I’m not saying sales enablement collateral isn’t essential. It just needs to be far more practical than handing off thick literature.
For example, here’s a neat 2-pager from Atlassian - much more digestible and to-the-point:
The REAL goal is to convince sales that the product or feature will give them the necessary arsenal to win more deals and attain quota. Tie it with incentives that they care about.
A sample enablement process could be:
PMMs give an internal workshop on the feature to sales.
PMMs hand them a 2-pager explainer doc.
Every sales rep sends in 2-minute Loom videos with their pitch.
The top 2 are selected, rewarded, and set as the benchmark pitch.
14. Mistiming the launch & overlaunching
Launching at the wrong time can significantly impact a product's success.
No, I’m not talking about launching over a weekend or holiday.
The more common trap is “overlaunching,” which involves overwhelming users with a constant hype train and a stream of back-to-back launches.
With all the chaos customers have to bear at work, they have a limited mental capacity to learn about our product before they zone out. Thus, lining up multiple mini-launches a week is overkill.
Thus, product teams must be skilled at combining, delaying, and throttle down a launch based on the circumstances.
This is why, besides the “feature roadmap,” it’s useful to maintain a go-to-market timeline to ensure users aren’t shocked by a tidal wave of updates.
15. Launching when support is woefully unprepared
Never assume customers won’t have questions when they start using the product.
I’ve seen PMs and PMMs do a splendid job aligning sales, marketing, and customer success but forget to bring customer support up to speed.
The symptoms are apparent when training is overlooked:
agents keep passing tickets to others
resolution times balloon
customers get conflicting answers (this happens a lot)
I suggest always having support attend internal workshops and getting a hold of Loom pitches. They need to understand both the “how” and “why” to guide customers. At the very least, they should be “aware” of what’s launched. Don’t assume they are glued to your launch announcements on Slack.
It’s hard to always pre-plan every troubleshooting scenario, but there needs to be an open line between product teams and support to keep making improvements.
Updating help docs and knowledge base articles is a must. Most customers will first Google “product name + (feature name)” to get quick help.

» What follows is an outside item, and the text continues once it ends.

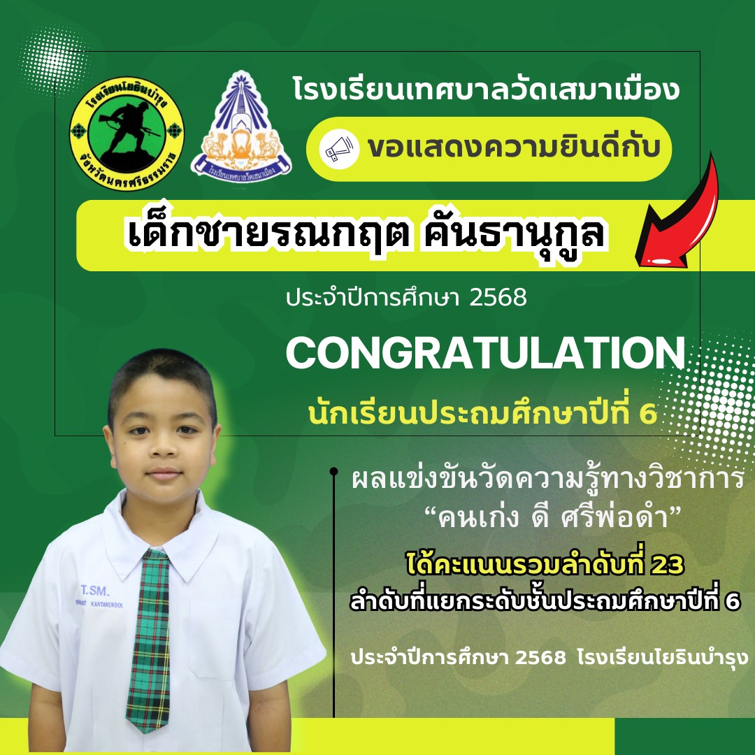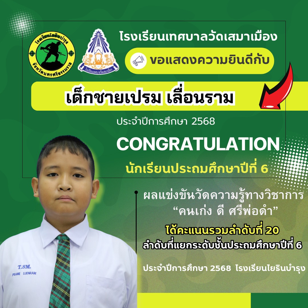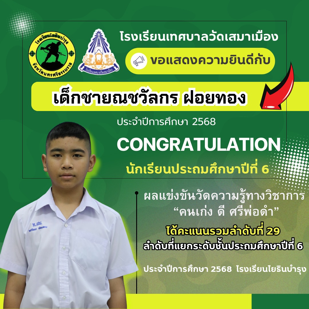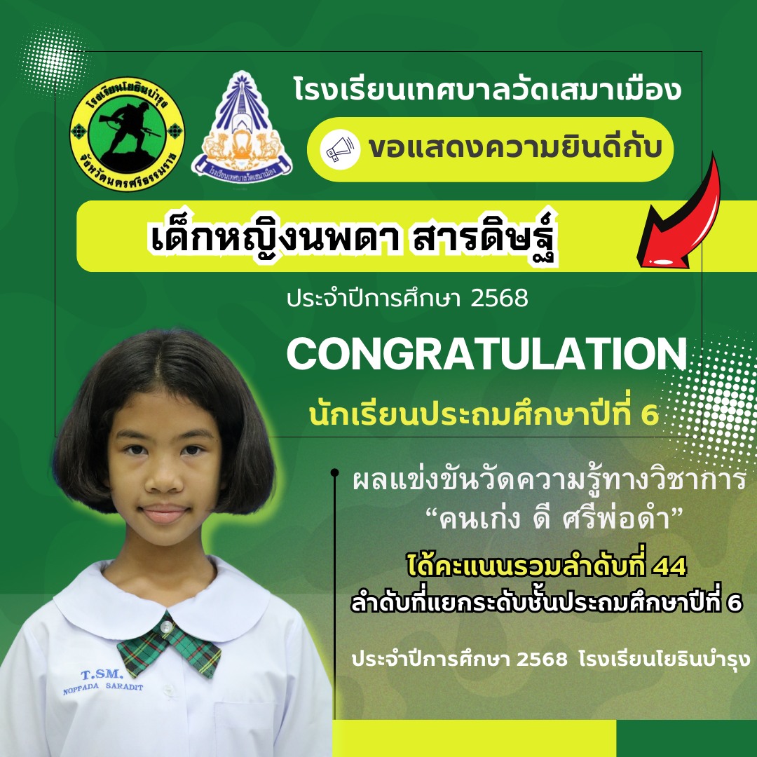 โรงเรียนเทศบาลวัดเสมาเมือง นำโดย ท่านผู้อำนวยการเกรียงไกร วุฒิมานพ พร้อมด้วยคณะผู้บริหาร และคณะครู ขอร่วมแสดงความชื่นชมและยินดีกับนักเรียนชั้น ประถมศึกษาปีที่ 6 ที่ทำผลงานได้อย่างยอดเยี่ยมในการสอบแข่งขันวัดความรู้ทางวิชาการ “คนเก่ง ดี ศรีพ่อดำ” ประจำปีการศึกษา 2568 ณ โรงเรียนโยธินบำรุง

Bonus: Overlooking localization needs
A hard thing about running a truly global product is to think “regionally”.
Sure, every product tends to have its “hotspot” regions where it gets the most traction. But if these regions aren’t homogenous in all their needs, the messaging and product experience need to adapt.

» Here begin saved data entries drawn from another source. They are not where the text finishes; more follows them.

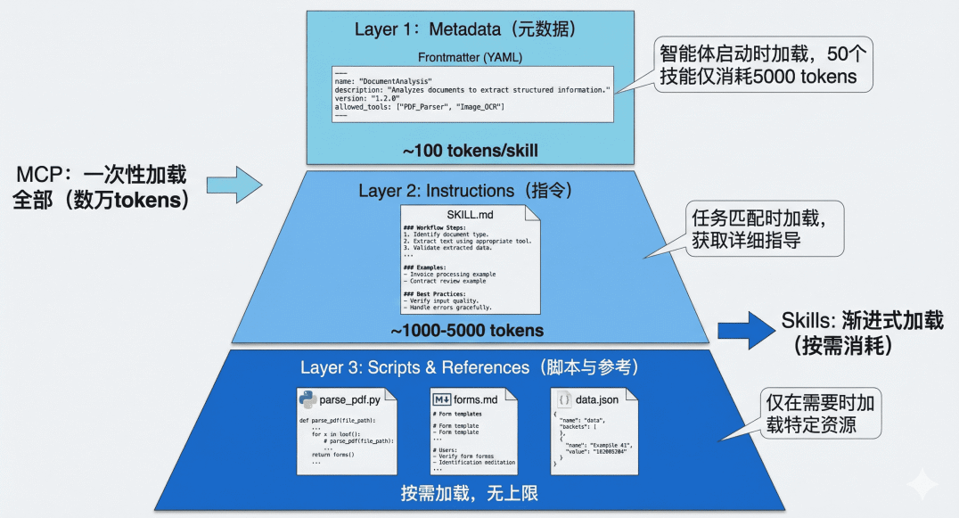 Agent Skills 最核心的创新是渐进式披露(Progressive Disclosure)机制。这种机制将技能信息分为三个层次,智能体按需逐步加载,既确保必要时不遗漏细节,又避免一次性将过多内容塞入上下文窗口。
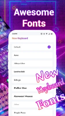 Choose from different fonts to change how your keyboard looks and feels. Make your typing experience unique by picking the font that suits your style.
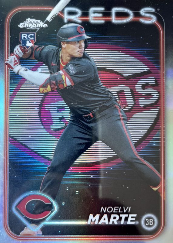 This card is 1 of 89 Noelvi Marte's card variations in the 2024 Topps Chrome set being tracked by Sports Card Investor, including Base, Negative Refractor, Pink Refractor, Prism Refractor, and RayWave Refractor.
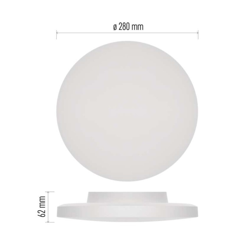 barva světla: teplá/neutrální/studená bílá|barva těla: bílá|dálkový ovladač: ne|další funkce: –|do chodby a na schodiště: ano|do dílny a garáže: ne|do kanceláře: ano|do koupelny: ano|do kuchyně: ano|do obýváku, ložnice a dětského pokoje: ano|dosah senzoru: neuvádí se|flicker-free: nebliká|frekvence: 50/60 Hz|index podání barev (CRI): Ra > 80|jazyky aplikace: –|kategorie: PROFI|kompatibilita: –|krytí: IP55|materiál difuzoru: plast|materiál LGP: neuvádí se|materiál těla: plast|montážní otvor: ne|možnost stmívání: ne|náhrada za žárovku: 110 W|napětí: 220–240 V~|na zahradu a balkon: ano|notifikace do mobilní aplikace: ne|obsah balení: –|ovládání hlasovými asistenty: ne|podporované OS: –|pohybový senzor: ne|přenosová frekvence: –|příkon: 15 W|prodejní obal: 1 ks, krabice|protokol: –|proud: 62 mA|řada: DIONI|rozměr: průměr 280 × 62 mm|světelná účinnost: 115 lm/W|světelný tok: 1 725 lm|teplota chromatičnosti: 3 000/4 000/5 700 K|tvar: kruh|typ difuzoru: mléčný|typ svítidla: klasické svítidl

For example, at my company, vFairs (event tech), we learned over time that our UK-facing pages need to discuss GDPR a bit more. Moreover, we serve audiences in Saudi Arabia who need Arabic support and multi-lingual capabilities. When it comes to running webinars in China, we needed different vendors/partners to keep services live.
Moreover, our research unveiled that many event attendees struggled to pay for tickets using Stripe/PayPal. This insight led us to launch a region-based payment marketplace.

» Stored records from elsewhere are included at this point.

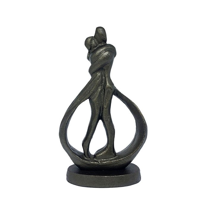 Escultura produzida em alumínio de casal se abraçando com acabamento na cor ouro velho, em um design que traz a ideia de envolvimento.
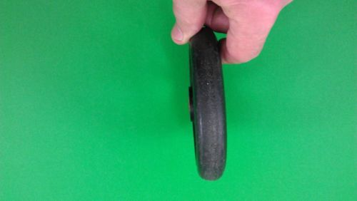 2 RUBBER TINY WHEELS WITH BALL BEARINGS, DIAMETER 3-7/8"; 1-1/16" THICK
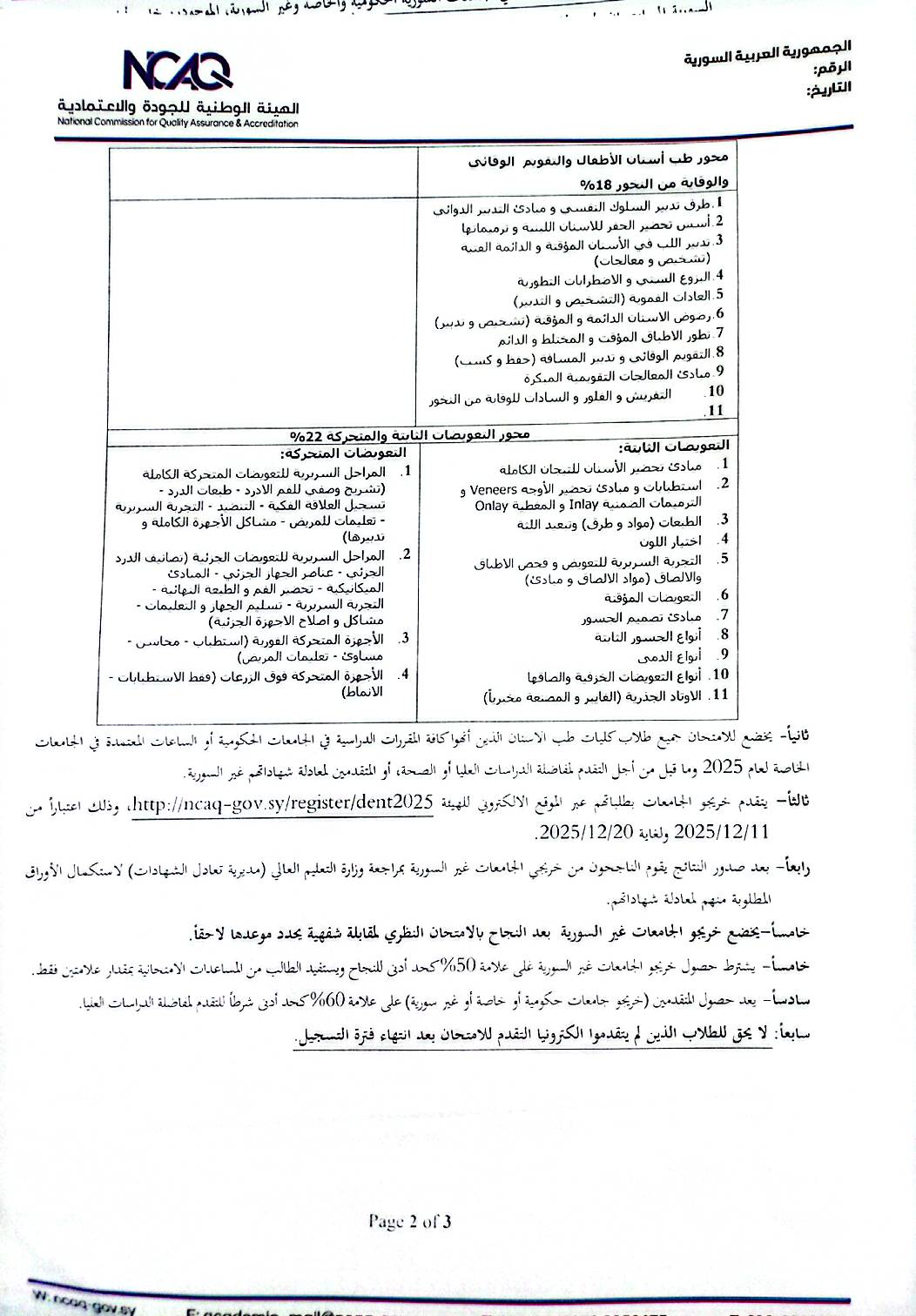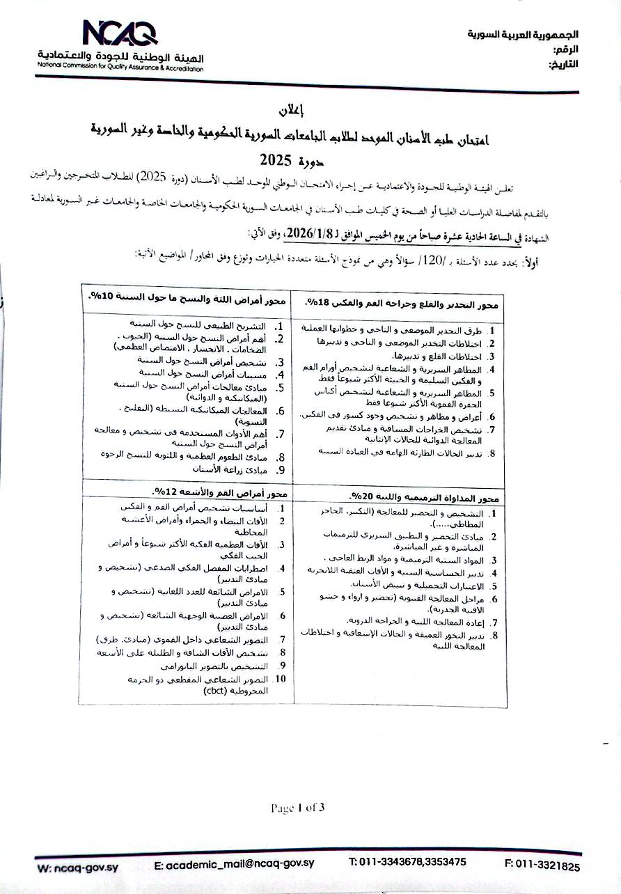 اعلان امتحان طب الأسنان الموحد-دورة 2025

Thus, a good practice before a feature launch is to check whether there are regional nuances you need to address.
The Grand Finale
Product launches are difficult to get right because they involve intense competition for attention.
Marketing teams spend many hours planning campaigns, but often see little ROI when they survey a customer base's capability awareness of a product or see little impact on MQL volume.
Sure, the goal may not be to make every customer a product expert, but the word needs to reach the right people in need at the right time.
Hopefully, some of the pointers in this article may help offset that challenge.